Lunar ambitions of the world’s spacefaring nations will also continue to materialize with the return to the lunar surface being led through commercial partnerships. Multiple robotic lunar missions are slated for 2024 through NASA’s Commercial Lunar Payload Services program to carry out technology demonstration missions that will pave the way for future exploration activities, including crewed missions to the lunar surface in the latter half of the decade.
As industry innovates, it’s inevitable that we’ll see more unique missions, both crewed and uncrewed, that test the limits of existing regulatory regimes. It’s especially important in these boundary cases that governments continue to foster efficient collaboration and engage in constructive dialogue with the private sector to limit undue burdens on the development of these invaluable applications.
AN INFLECTION POINT FOR LAUNCH
Similar to each of the last few years, 2024 will be the busiest year for launches in history at a pace of four per week on average.

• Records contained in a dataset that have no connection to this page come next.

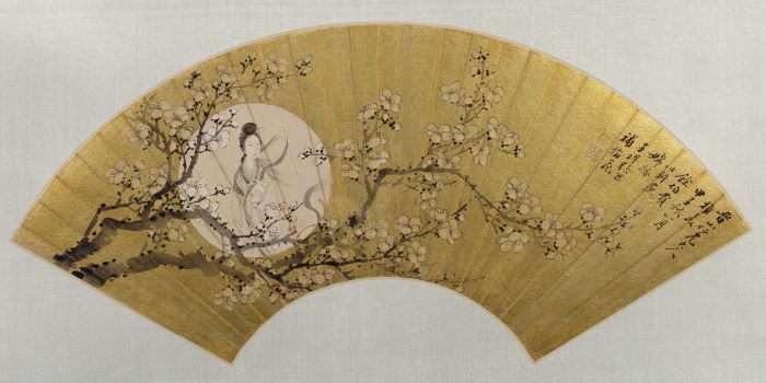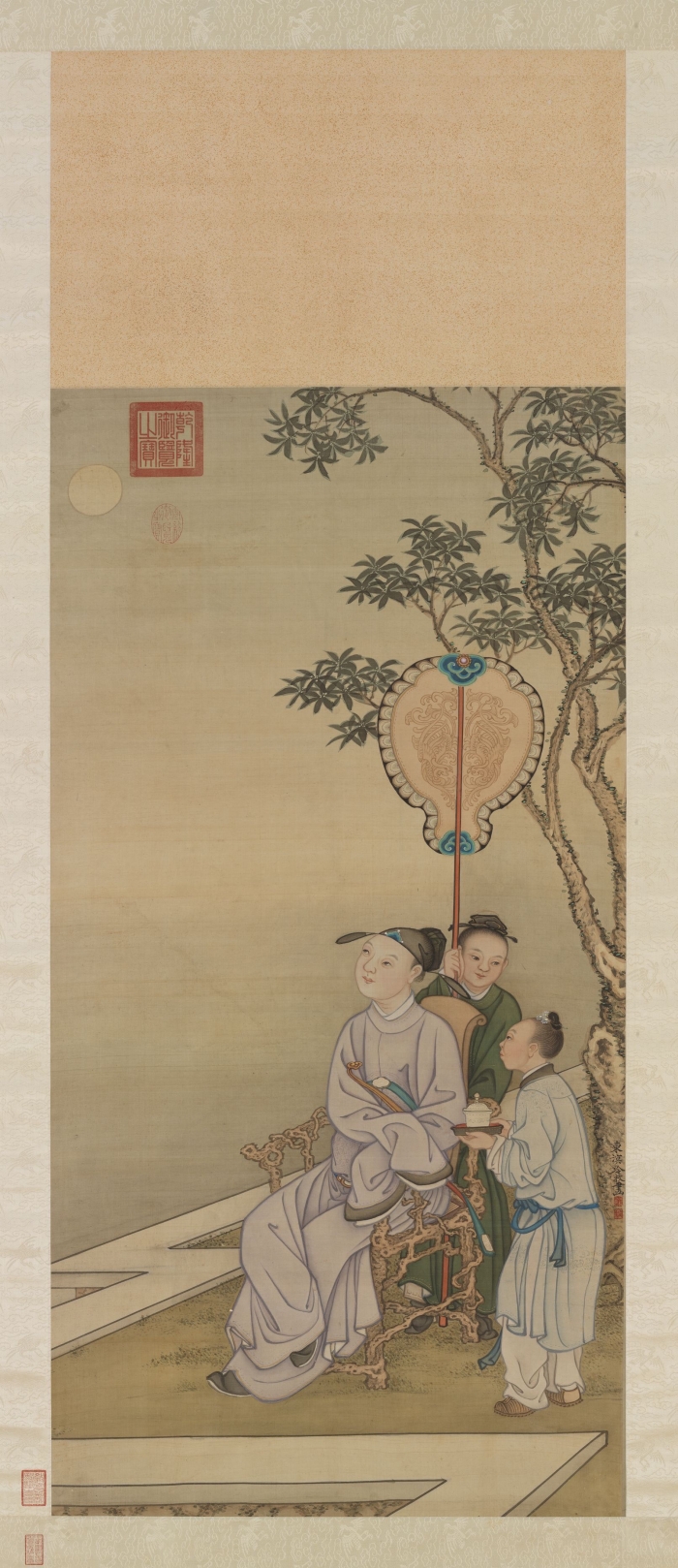 冷枚,字吉臣,康熙(西元一六六二–一七二二)時宮廷畫家,擅長畫人物、山水。農歷八月十五是一年秋季正中,所以稱中秋,是桂花盛開、飄香的季節,此時月光也最為明亮皎潔,是賞月最好時節。中秋賞月在唐代已是約定俗成的傳統節日,有闔家團圓賞月,也有三五好友相聚登樓賦詩,而此幅士人靜坐獨賞清輝明月,別有一番情趣。畫中陰陽明暗的表現,是受到西洋光影技法的影響。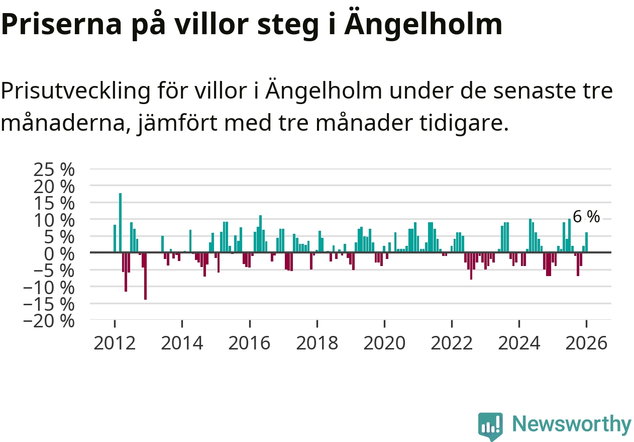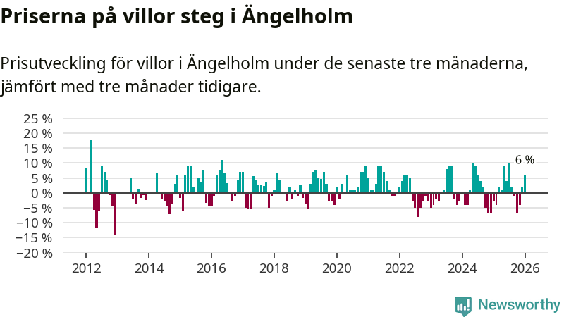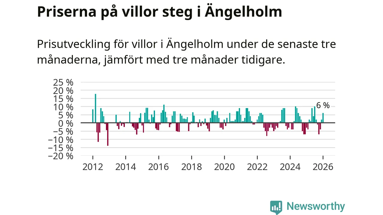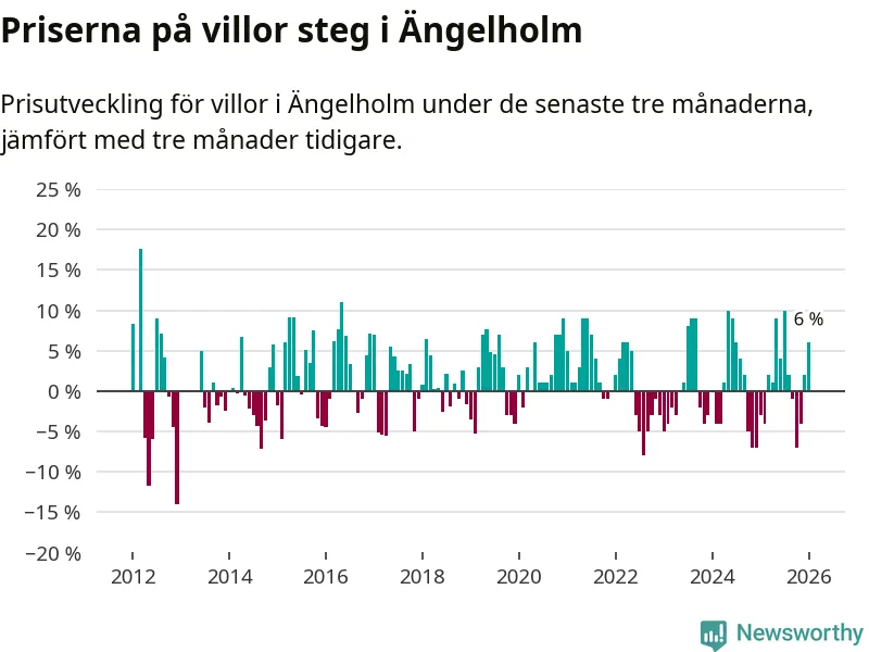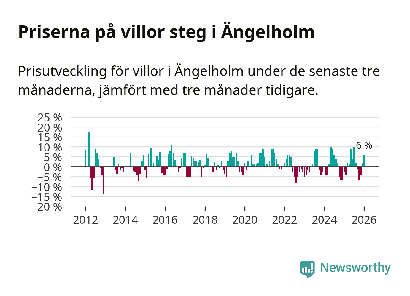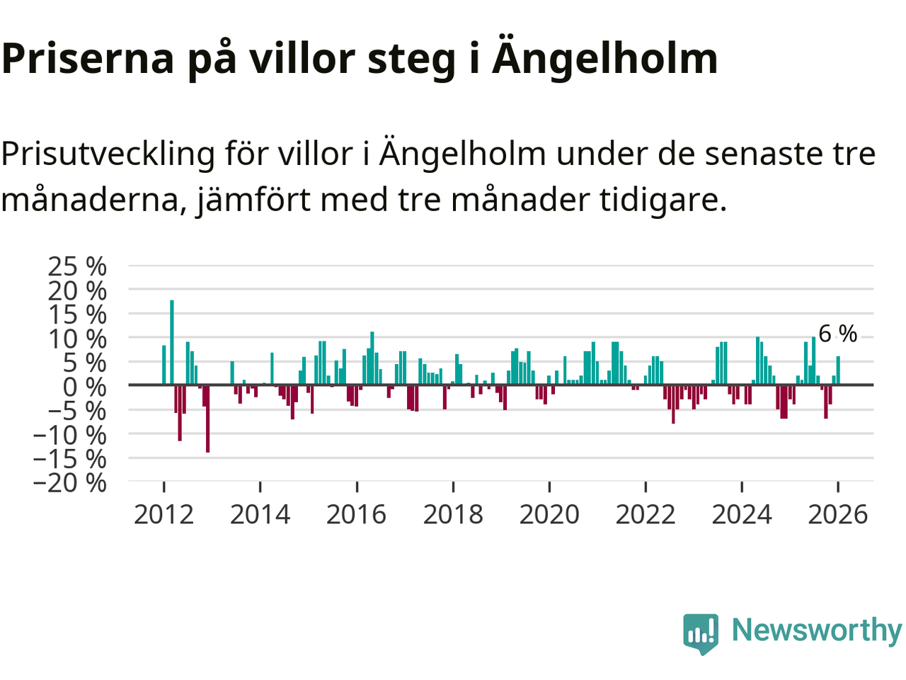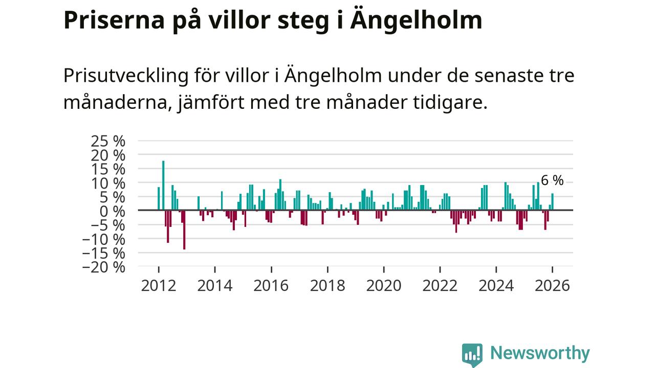 Villapriserna har gått upp i Ängelholms kommun. Medelpriset på försäljningarna under de senaste tre månaderna visar på en uppgång med 6 procent.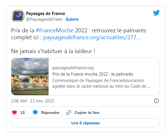 Paysages de France该协会一直强调自己举办这个评比的理念“不是为了污名化法国的城市,”它们只是想 “可以简单地纠正扭曲这些日常景观的因素”。

Blistering cadence aside, the coming year is expected to yield the first orbital flights of several heavy and super-heavy vehicles, namely ULA’s Vulcan, Blue Origin’s New Glenn, and SpaceX’s Starship – the last of which has the potential to be a Dreadnought moment for the industry.
Should its early-stage technical issues continue to be resolved, Starship’s immense capacity and anticipated reusability at low cost might unlock a host of applications previously assumed to be cost-prohibitive and technically improbable. It would offer the entire industry an opportunity to recalculate what is commercially viable or even physically possible. In the near-term, this might involve manifesting hundreds of spacecraft on a single vehicle and enabling a human return to the lunar surface. In the longer term, lower mass and volume constraints could enable terrestrial point-to-point transport, large-scale orbital infrastructure activities in earth orbit and in deep space, and eventually, crewed interplanetary missions.
RETURN OF INVESTMENT AND ECONOMIC RESILIENCY
While the space industry has experienced the macroeconomic pressures felt by every other industry globally, it has remained relatively resilient in the face of those pressures. Governments continue to finance private space activities at an unprecedented level for exploration and security, while private finance is returning to space at the start of 2024, in earlier stage rounds, off-earth investment, and defense-related space activities. Good companies will continue to close investment rounds bolstered by revenue, a rigorous understanding of their market segment, and even adaptability in space markets. Continued government, academic, and industry efforts to improve our accounting of the value of space activities will encourage continued entrepreneurship and investment.